Knowledge is the storehouse where we accumulate
representations, information, facts, assumptions, etc.
Beliefs accept a proposition, statement, description of fact,
etc. as true.
2. Values are defined standards of desirability,
goodness and beauty, which serve as broad
guidelines for social living.
3. Accounts are how people use that common
language to explain, justify, rationalize, excuse, or
legitimize our behavior to themselves and others.
C. Behavioral Component (how we act)
1. Norms
• rules and expectations by which a society guides
the behavior of its members.
• can change over time
• reinforced through sanctions which take the form of
either rewards or punishment
• standards that define the obligatory and expected
behaviors of people in various situations
Types of Norms
1. Mores are customary behavior patterns which have taken
on a moralistic value.
2. Laws are formalized norms, enacted by people who are
vested with government power and enforced by political
and legal authorities designated by the government.

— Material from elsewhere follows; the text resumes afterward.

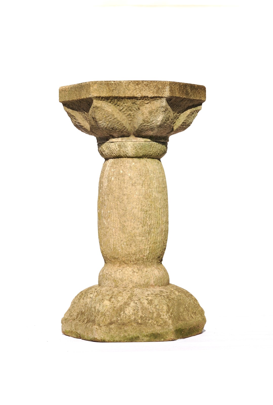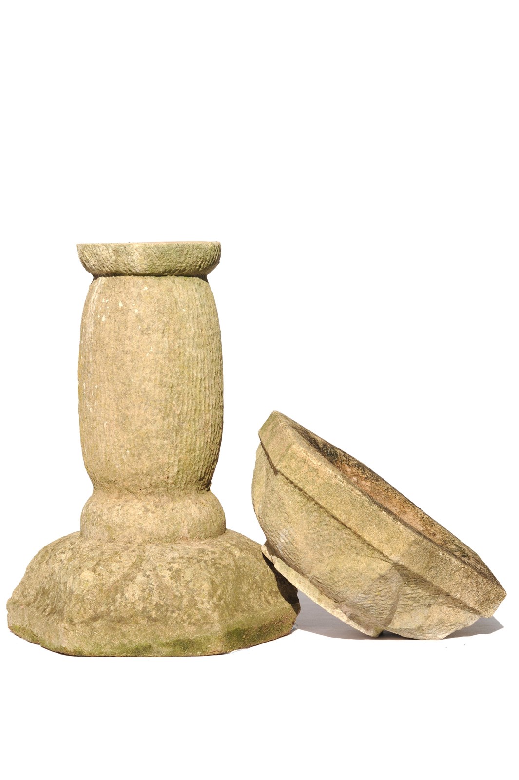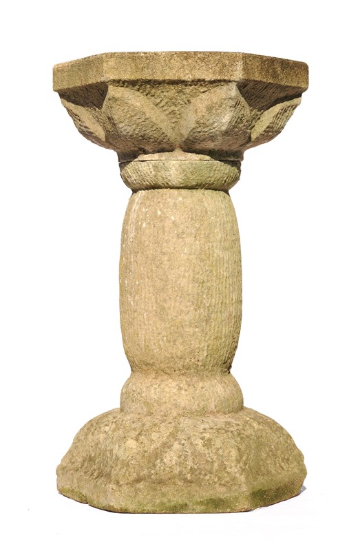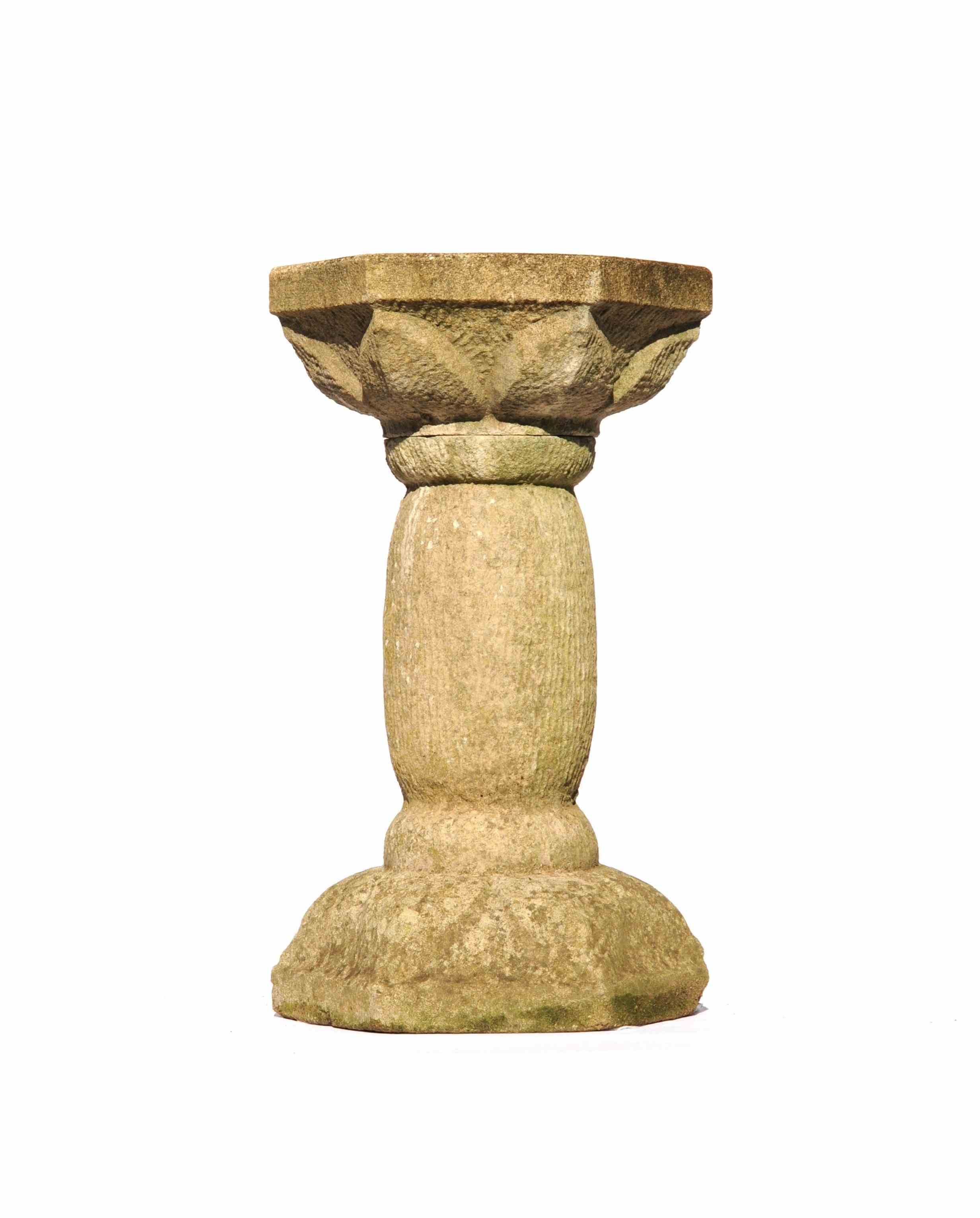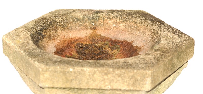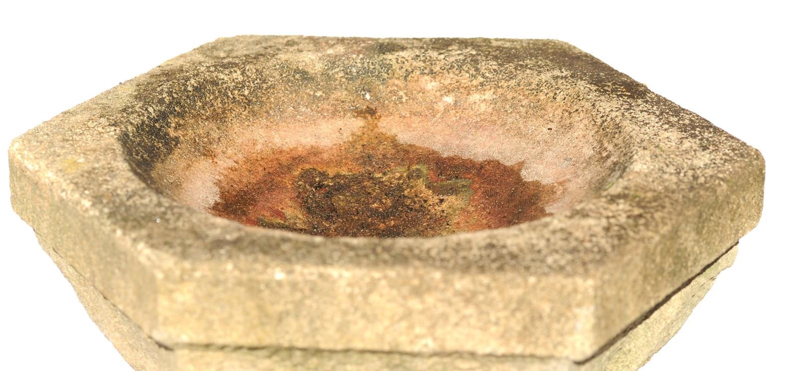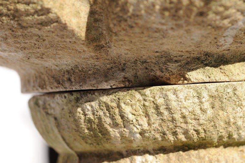 A very pretty dressed cast stone garden bird bath. Stands at 20.5 inches in height with the base & bath measuring 12 inches across, weighs around 30 kg & comes in two sections. It has a lovely garden weathered patina & natural stone colour. Some small marks & knocks as to be expected.

3. Folkways are behavior patterns of society which are
organized and repetitive. They are commonly known as
customs.
4. Rituals are highly scripted ceremonies or strips of
interaction that follow a specific sequence of actions.
Ceremonies (graduation, baptism, funerals, weddings, birthdays)
Holidays (Thanksgiving, Christmas)
Everyday public rituals (handshake, greeting, kissing, walking)
Bonding rituals (parties, gift-giving, holding hands, exchange cards
Signal rituals (eye contact, holding the door)
D. Material Component
• refers to physical objects of culture such as
machines, equipment, tools, books, clothing, etc.
• Its form and function is an expression of culture and
culturally-defined behavior often depends on the
presence of specific objects
The Organization of Culture
• Cultural traits are simple units or elements, either of
a material or non-material culture, represents a
single element or a combination of elements
related to a specific situation.
• Clusters of culture traits are known as culture
complexes which, in turn, group together to form
cultural pattern.
How is Culture Transmitted
1. Enculturation
the process of learning culture of one’s own
Ex. Learning the folkways, mores, social traditions, values and beliefs
of one’s own group.
2. Acculturation
the process of learning some new traits from another culture
Ex. When students from the rural areas migrate to the urban areas or
city and gradually learn some urban customs, they become
acculturated.
The interaction of Filipinos with Americans in the Philippines
3. Assimilation
the process in which an individual entirely loses any awareness of his/her
previous group identity and takes on the culture and attitudes of another
group.
Ex. An Ilocano moves to a point where he/she speaks only Visayan
and assumes the folkways of the local group.
Importance and Functions of Culture
1. Culture helps the individual fulfill his potential as a
human being.
2. Through the development of culture, man can
overcome his physical disadvantages and allows
him to provide himself with fire, clothing, food and
shelter.
3. Culture provides rules of proper conduct for living
in a society.
4. Culture also provides the individual his concepts of
family, nation and class.
Cultural Relativism
• Is an essence, an approach to the question of the
nature and role of values in culture (Rosado, 2003)
• Is an anthropological approach which posits that all
cultures are of equal value and need to be studied
in a neutral point of view (Glazer (1996).
• Practices considered immoral or taboo to a certain
group of people but are accepted by other groups
with a different cultural orientation.